15. What is the solution of the linear-quadratic system of equations?
y=x^2+5x-3
y-x=2
how about
x^2+5x-3 = x+2
x^2+4x-5 = 0
Now it's a cinch, right?
To find the solution of a linear-quadratic system of equations, we need to solve the system by substitution or elimination. Let's solve it by substitution.
We are given the following system of equations:
y = x^2 + 5x - 3 -- (Equation 1)
y - x = 2 -- (Equation 2)
Step 1: Solve Equation 2 for y.
Rearrange Equation 2 to get: y = x + 2
Step 2: Substitute this value of y in Equation 1.

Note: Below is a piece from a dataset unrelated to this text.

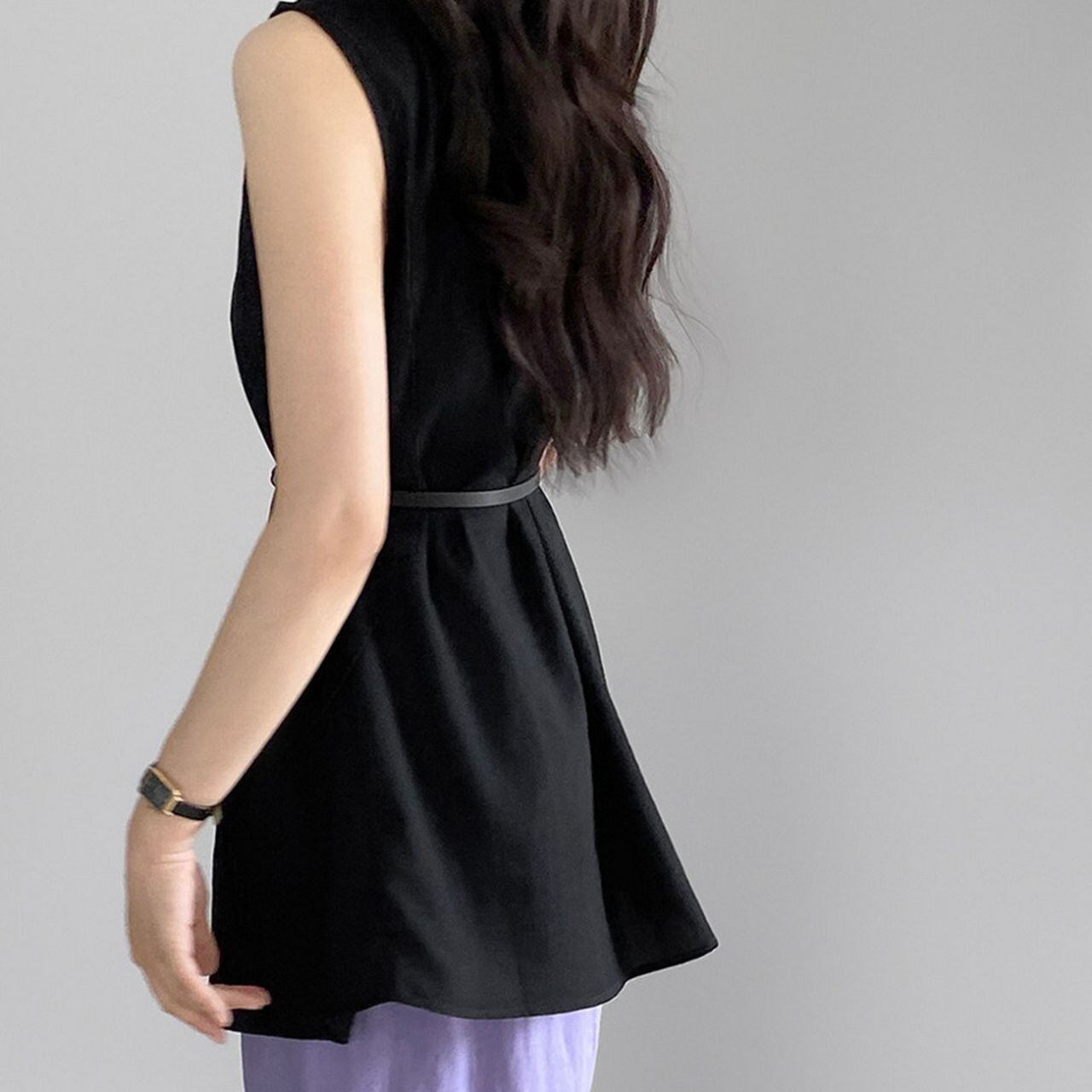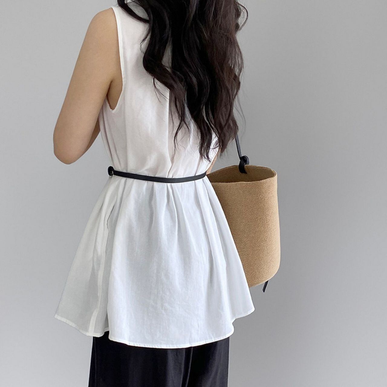 上品でフェミニンなスタイルを叶えるノースリーブブラウス。

Replace y in Equation 1 with x + 2, so we have:
x + 2 = x^2 + 5x - 3
Step 3: Rearrange the equation to make it a quadratic equation equal to zero.

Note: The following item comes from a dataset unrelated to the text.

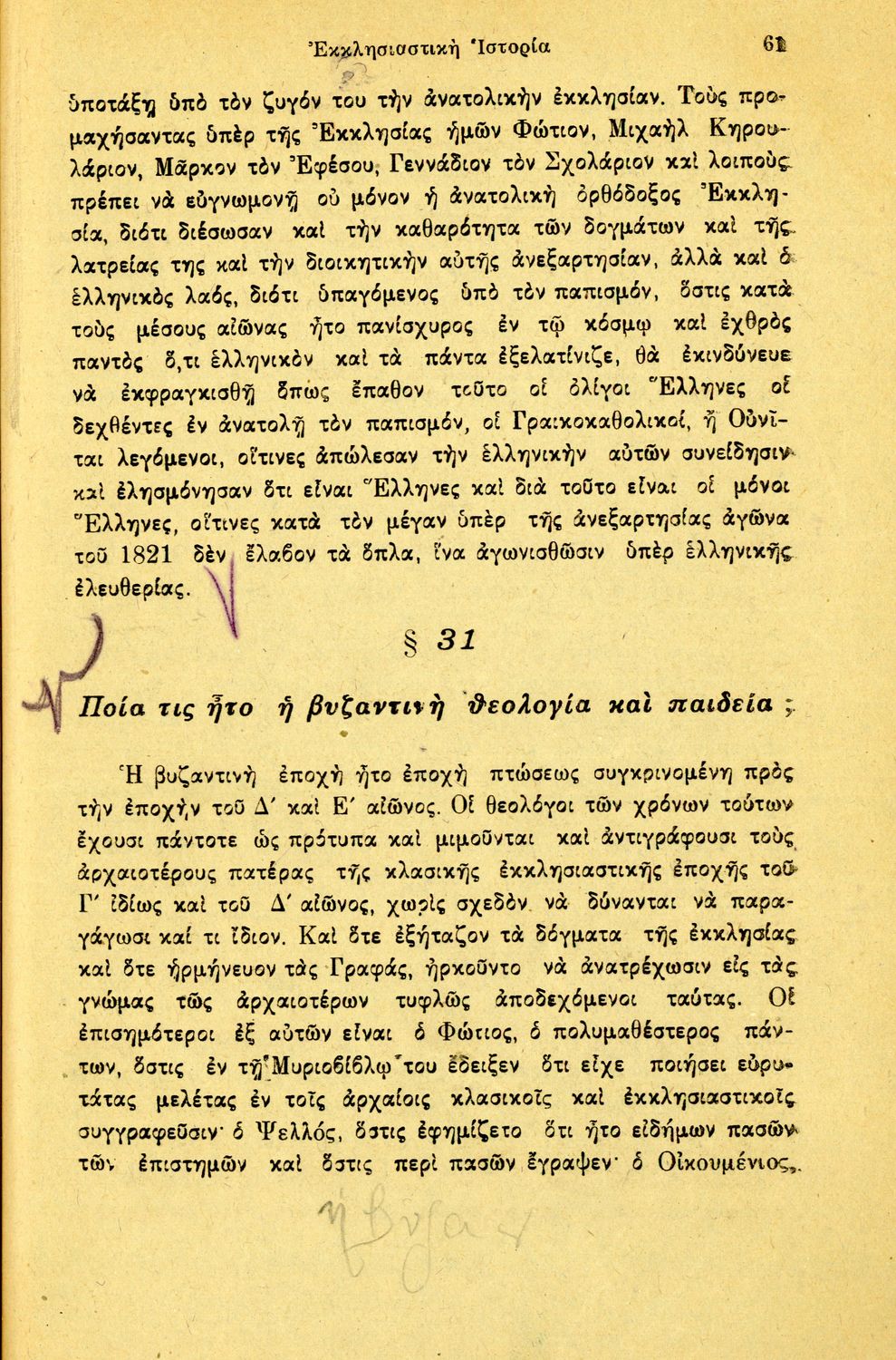 Βαθμίδα εκπαίδευσης: Δευτεροβάθμια Τάξη: Γυμνάσιο Μάθημα: Θρησκευτικά Γλώσσα: Καθαρεύουσα Παρουσίαση περιεχομένου: Σχολικό εγχειρίδιο Θρησκευτικών Γυμνασίου που πραγματεύεται την ιστορική εξέλιξη και πορεία της Ορθόδοξης Εκκλησίας από την ίδρυσή της μέχρι την άλωση της Κωνσταντινούπολης, και την σχέση της με τα άλλα χριστιανικά δόγματα. |

Move all terms to one side:
x^2 + 5x - 3 - x - 2 = 0
x^2 + 4x - 5 = 0
Step 4: Solve the quadratic equation.
We can solve this equation by factoring, completing the square, or using the quadratic formula.

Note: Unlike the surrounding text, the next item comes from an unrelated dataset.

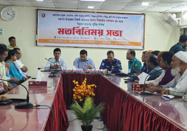 রাজশাহীর পুঠিয়ায় নবাগত উপজেলা নির্বাহী অফিসার এর উন্নয়ন ভাবনায় পুঠিয়া শির্ষক মতবিনিময় সভা অনুষ্ঠিত হয়েছে। মঙ্গলবার (৩০ সেপ্টেম্বর) সকল ১১ টায় উপজেলা নির্বাহী অফিসারের সভা কক্ষে এ মতবিনিময় সভাটি অনুষ্ঠিত হয়। উক্ত অনুষ্ঠানে নবাগত উপজেলা নির্বাহী অফিসার লিয়াকত সালমান এর সভাপতিত্বে উপস্থিত ছিলেন উপজেলা সহকারী কমিশনার (ভূমি) শিবু দাস,পুঠিয়া থানা অফিসার ইনচার্জ কবির হোসেন,বেলপুকুর থানার অফিসার ইনচার্জ সুমন কাদেরী, সাবেক উপজেলা চেয়ারম্যান অধ্যাপক নজরুল ইসলাম মন্ডল,পুঠিয়া উপজেলা বিএনপি আহবায়ক ও কেন্দ্রীয় নেতা আবু বক্কর সিদ্দিক, কৃষক দলের সাবেক সভাপতি রোকনউজ্জাম আলম, সাবেক মেয়র আল মামুন খান,,সাবেক যুবদলের কেন্দ্রীয় কোষাধ্যক্ষ গোলাম মোস্তফা, রাজশাহী জেলা যুব দলের সাবেক সাংগঠনিক সম্পাদক জুলফিকার আহমেদ ভুট্টাে, জামাতের পুঠিয়া উপজেলা নায়েবে আমির ইউসুফ আলী, উপজেলা জামাতের সাধারণ সম্পাদক এ এইচ এম মুনরুল হক এছাড়াও উক্ত মতবিনিময় ছিলেন উপজেলার বিভিন্ন দপ্তরের অফিসার গন, সাংবাদিক গন,সুশীল সমাজ, শিক্ষক প্রতিনিধী, বিভিন্ন শ্রেনীর পেশাজীবি মানুষ গন উপস্থিত ছিলেন।

Factoring is the most straightforward method in this case:
(x-1)(x+5) = 0
From this factorization, we get two solutions:
x - 1 = 0, which gives x = 1
x + 5 = 0, which gives x = -5
Step 5: Substitute the values of x back into Equation 2 to find the corresponding y-values.
Substituting x = 1 into Equation 2:
y = 1 + 2 = 3
So one solution is (x, y) = (1, 3).
Substituting x = -5 into Equation 2:
y = -5 + 2 = -3
The other solution is (x, y) = (-5, -3).
Therefore, the solution to the given system of equations is (1, 3) and (-5, -3).